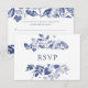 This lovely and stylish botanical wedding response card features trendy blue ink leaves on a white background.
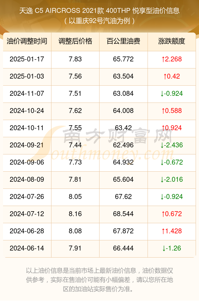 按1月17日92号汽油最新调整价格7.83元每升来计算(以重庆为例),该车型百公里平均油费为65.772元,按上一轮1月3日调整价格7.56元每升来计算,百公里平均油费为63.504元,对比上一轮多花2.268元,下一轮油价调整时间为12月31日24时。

* * *

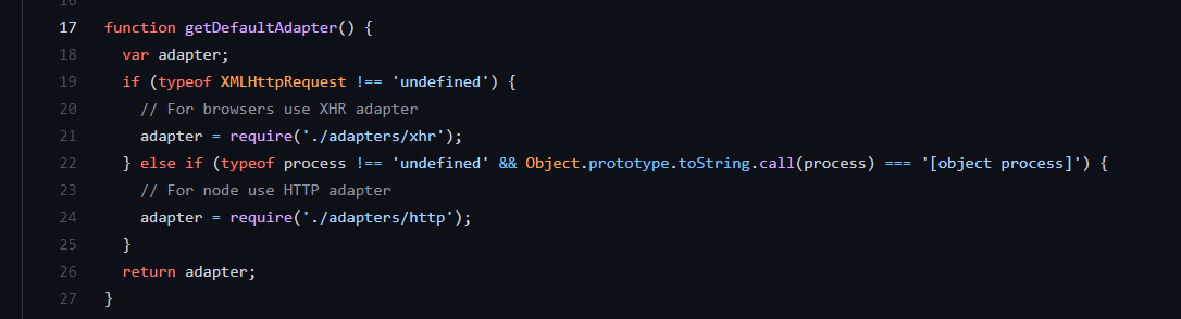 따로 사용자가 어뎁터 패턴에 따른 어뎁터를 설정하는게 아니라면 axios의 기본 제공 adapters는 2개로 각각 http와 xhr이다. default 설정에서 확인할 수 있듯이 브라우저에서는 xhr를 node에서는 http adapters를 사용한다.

» Exercise requirements
Reproduce exactly, with no pictures, the lines above from the one holding "This lovely and" to the one holding "按1月17日92号汽油最新调", inclusive.

» Response area
 This lovely and stylish botanical wedding response card features trendy blue ink leaves on a white background.
 按1月17日92号汽油最新调整价格7.83元每升来计算(以重庆为例),该车型百公里平均油费为65.772元,按上一轮1月3日调整价格7.56元每升来计算,百公里平均油费为63.504元,对比上一轮多花2.268元,下一轮油价调整时间为12月31日24时。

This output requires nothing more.